→ **Assignment**
Print each record that follows exactly, leaving the pictures behind.

BEGIN Data to use

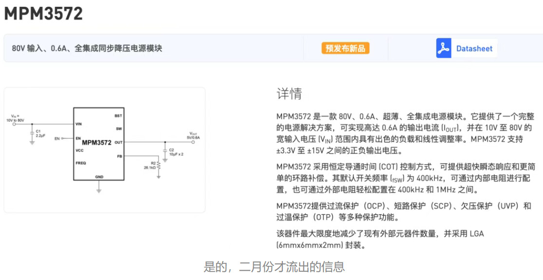 MPS 最近出了一颗新品,怎么才看到呢!我也想赶紧搞了几颗;型号是MPM3572。
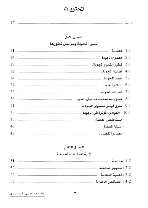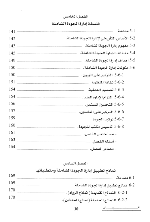 بينما تضمن الفصل الخامس فلسفة الجودة الشاملة، من حيث مفهومها وتطورها التاريخي، ومنطلقاتها، وأهدافها ومكوناتها المختلفة. وخصص الفصل السادس لنماذج تطبيق الجودة الشاملة في منظمات الخدمة، ومبررات تطبيقها، والفوائد التي يمكن تحقيقها من جراء عملية التطبيق، ومتطلباتها ومراحلها. فيما جاء الفصل السابع ليلقي الضوء على فلسفة التحسين المستمر من حيث مفهومها والمداخل المعتمدة لتعريفها، ومتطلبات تحسين العملية ونماذج تطبيقها في بيئة عمليات الخدمة.
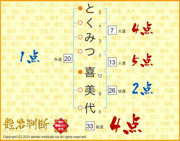 と(2画)く(1画)み(3画)つ(1画) 喜(12画)美(9画)代(5画)
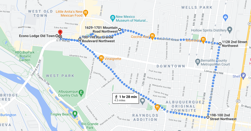But ultimately the clothes were washed and it was time for Ollie and me to take a lengthy photo stroll first through Old Town, then along Mountain Road to the Downtown area, and then homeward bound on Central Ave/Route 66. This site was useful for identifying some of the murals along the way (mural names in filenames).
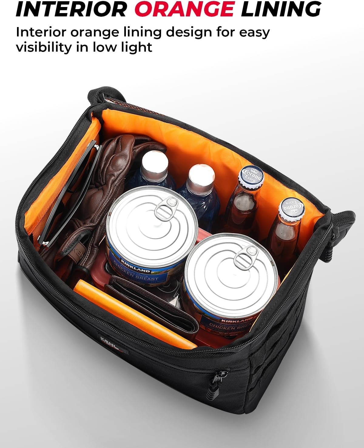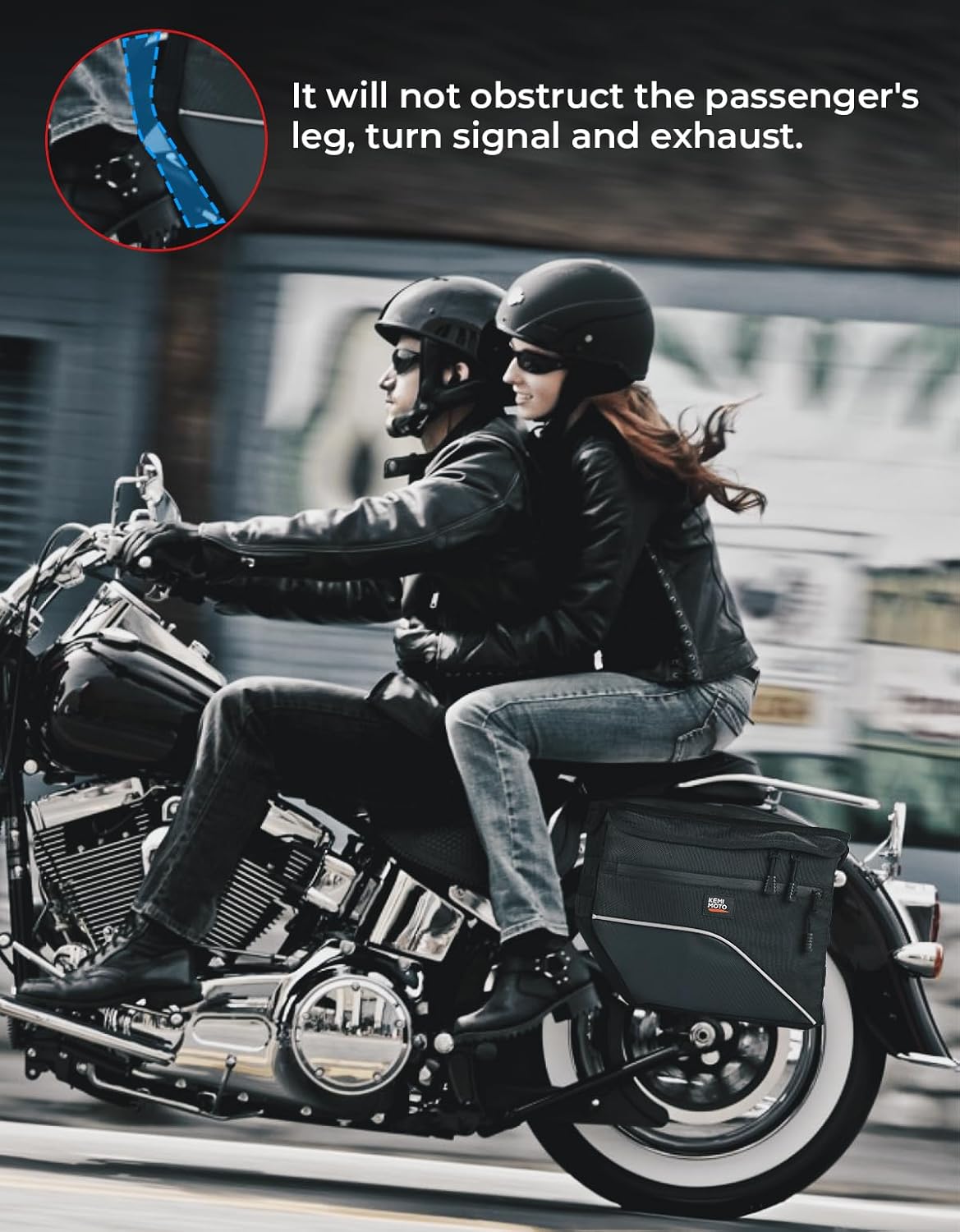 - Upgraded Design: Designed to fit most motorcycle models, this upgraded saddle bags motorcycles feature a waterproof zippered brim and orange inner liner for clearer visibility in low light areas. Additionally, it doesn't obstruct the passenger's leg, turn signal, or exhaust
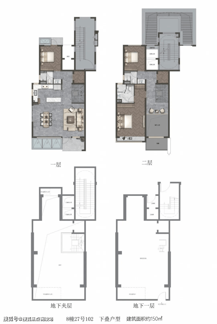 叠加别墅:建面约149-160㎡(上叠精装,下叠毛坯,均价约6.6万/㎡)。1
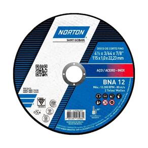 Características Adicionais: escolha ideal para quem busca cortes precisos e seguros em aço carbono e inox. Com duas telas de reforço e tipo 41, proporciona maior rendimento e conforto durante o uso. Com certificação ISO 9001-2000, este disco garante alta qualidade e eficiência em suas aplicações. Descubra como essa ferramenta de alta qualidade pode facilitar suas tarefas de manutenção e reparo. Realize cortes com facilidade e segurança em suas manutenções e reparos, garantindo resultados impecáveis. Obtenha cortes precisos e eficientes em aço carbono e inox com o Disco de Corte Linha Azul BNA12 da Norton.
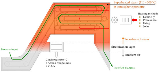 The core technology of the developed biorefinery concept is the superheated steam (SHS) processing under atmospheric pressure. This technology has been originally developed for drying purposes in the early 1990s [24], then further developed by Fraunhofer IGB for torrefaction within the EU project SteamBio (https://www.steambio.eu/ (accessed on 6 December 2021)). The use of SHS and thus the absence of oxygen permits an inert processing, prevents oxidation of the product and significantly reduces the risk of explosion.
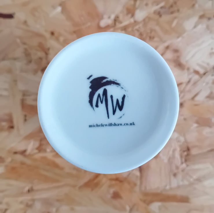 The decoration on this cup is taken from my original illustrations and lino prints. I apply the designs by hand, then fire them in the kiln, making them hard wearing.
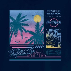Oracle Red Bull Racing Palm Tree Tee in Navy Imported 100% Cotton: Soft and breathable fabric for all-day comfort. Palm Tree Sunset Design: A unique blend of tropical vibes and F1 excitement. Navy Short Sleeve Crew Neck: Versatile style that pairs easily with any casual look. Care Instructions: Machine wash cold, inside out, with like…
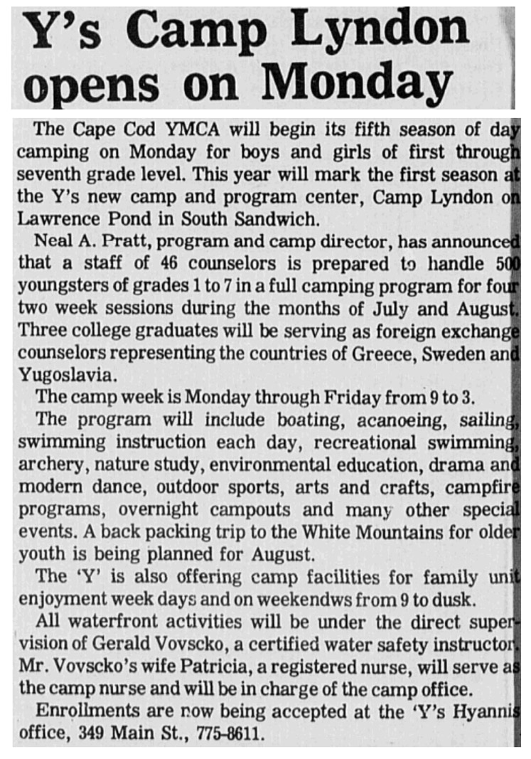 In 1971, Lyndon Lorusso died in an accident at the age of 17, devastating his parents. Upon returning from a trip to Europe to process his loss, Paul and Lila decided to devote their lives to helping the Cape Cod community, in memory of their son. Their first act was to offer up the money to purchase Camp Clark, $250,000 in all (after inflation, $1.8m in 2022). The New Bedford YMCA voted to accept this bid, and in 1972, Camp Lyndon opened its doors.
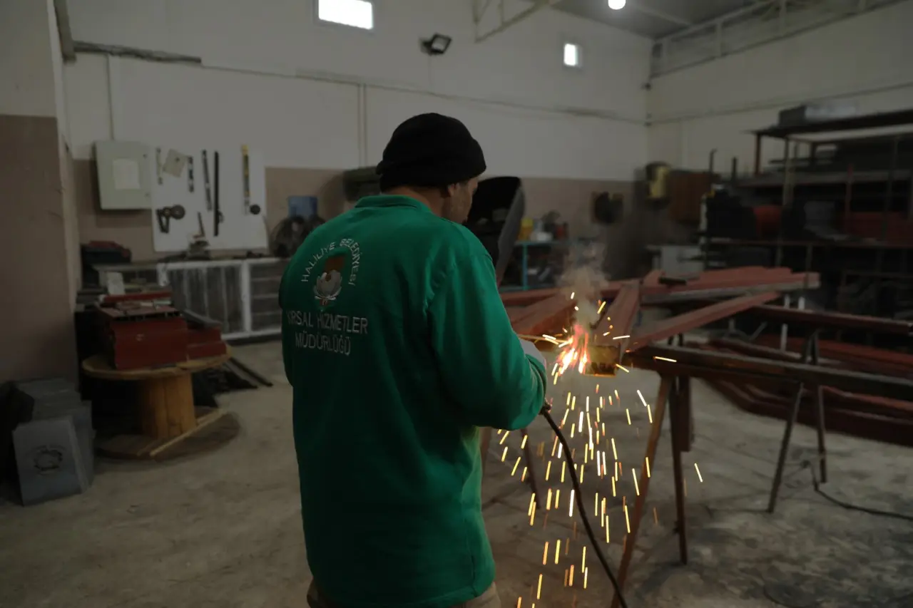 Belediye, Metal-İş, Boyama ve Ahşap Atölyeleri’nde park ve yeşil alanlar için donatı elemanları üretiyor. Banklar, kamelyalar ve dekoratif üniteler tasarımdan montaja kadar kendi imkânlarıyla hazırlanıyor.

END Data to use

→ **Written solution**
 MPS 最近出了一颗新品,怎么才看到呢!我也想赶紧搞了几颗;型号是MPM3572。
 بينما تضمن الفصل الخامس فلسفة الجودة الشاملة، من حيث مفهومها وتطورها التاريخي، ومنطلقاتها، وأهدافها ومكوناتها المختلفة. وخصص الفصل السادس لنماذج تطبيق الجودة الشاملة في منظمات الخدمة، ومبررات تطبيقها، والفوائد التي يمكن تحقيقها من جراء عملية التطبيق، ومتطلباتها ومراحلها. فيما جاء الفصل السابع ليلقي الضوء على فلسفة التحسين المستمر من حيث مفهومها والمداخل المعتمدة لتعريفها، ومتطلبات تحسين العملية ونماذج تطبيقها في بيئة عمليات الخدمة.
 と(2画)く(1画)み(3画)つ(1画) 喜(12画)美(9画)代(5画)
But ultimately the clothes were washed and it was time for Ollie and me to take a lengthy photo stroll first through Old Town, then along Mountain Road to the Downtown area, and then homeward bound on Central Ave/Route 66. This site was useful for identifying some of the murals along the way (mural names in filenames).
 - Upgraded Design: Designed to fit most motorcycle models, this upgraded saddle bags motorcycles feature a waterproof zippered brim and orange inner liner for clearer visibility in low light areas. Additionally, it doesn't obstruct the passenger's leg, turn signal, or exhaust
 叠加别墅:建面约149-160㎡(上叠精装,下叠毛坯,均价约6.6万/㎡)。1
 Características Adicionais: escolha ideal para quem busca cortes precisos e seguros em aço carbono e inox. Com duas telas de reforço e tipo 41, proporciona maior rendimento e conforto durante o uso. Com certificação ISO 9001-2000, este disco garante alta qualidade e eficiência em suas aplicações. Descubra como essa ferramenta de alta qualidade pode facilitar suas tarefas de manutenção e reparo. Realize cortes com facilidade e segurança em suas manutenções e reparos, garantindo resultados impecáveis. Obtenha cortes precisos e eficientes em aço carbono e inox com o Disco de Corte Linha Azul BNA12 da Norton.
 The core technology of the developed biorefinery concept is the superheated steam (SHS) processing under atmospheric pressure. This technology has been originally developed for drying purposes in the early 1990s [24], then further developed by Fraunhofer IGB for torrefaction within the EU project SteamBio (https://www.steambio.eu/ (accessed on 6 December 2021)). The use of SHS and thus the absence of oxygen permits an inert processing, prevents oxidation of the product and significantly reduces the risk of explosion.
 The decoration on this cup is taken from my original illustrations and lino prints. I apply the designs by hand, then fire them in the kiln, making them hard wearing.
Oracle Red Bull Racing Palm Tree Tee in Navy Imported 100% Cotton: Soft and breathable fabric for all-day comfort. Palm Tree Sunset Design: A unique blend of tropical vibes and F1 excitement. Navy Short Sleeve Crew Neck: Versatile style that pairs easily with any casual look. Care Instructions: Machine wash cold, inside out, with like…
 In 1971, Lyndon Lorusso died in an accident at the age of 17, devastating his parents. Upon returning from a trip to Europe to process his loss, Paul and Lila decided to devote their lives to helping the Cape Cod community, in memory of their son. Their first act was to offer up the money to purchase Camp Clark, $250,000 in all (after inflation, $1.8m in 2022). The New Bedford YMCA voted to accept this bid, and in 1972, Camp Lyndon opened its doors.
 Belediye, Metal-İş, Boyama ve Ahşap Atölyeleri’nde park ve yeşil alanlar için donatı elemanları üretiyor. Banklar, kamelyalar ve dekoratif üniteler tasarımdan montaja kadar kendi imkânlarıyla hazırlanıyor.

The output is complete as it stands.